Railway station in Yonezawa, Yamagata Prefecture, Japan

Tōge Station (峠駅, Tōge-eki) is a railway station in the city of Yonezawa, Yamagata Prefecture, Japan, operated by East Japan Railway Company (JR East).

==Lines==
Tōge Station is served by the Ōu Main Line, and is located 28.8 rail kilometers from the terminus of the line at Fukushima Station.

==Station layout==
The station has a single island platform connected to the station building by a level crossing.
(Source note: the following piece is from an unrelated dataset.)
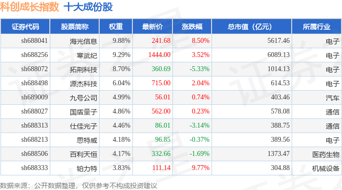 证券之星消息,1月8日,科创成长(000690)指数报收于1998.12点,涨1.58%,成交687.59亿元,换手率3.05%。当日该指数成份股中,上涨的有31家,航天南湖以20.0%的涨幅领涨,下跌的有19家,拓荆科技以5.33%的跌幅领跌。

The station is located within a snow shelter, as it is located in a region of very heavy snowfalls in winter. The station is unattended.

===Platforms===

| Entrance side | ■ Ōu Main Line | for Fukushima |
| Opposite side | ■ Ōu Main Line | for Yonezawa |

==History==
Tōge Station began as a signal stop on 15 May 1899 and was elevated to a full passenger station on 1 August 1899. The station was absorbed into the JR East network upon the privatization of JNR on 1 April 1987.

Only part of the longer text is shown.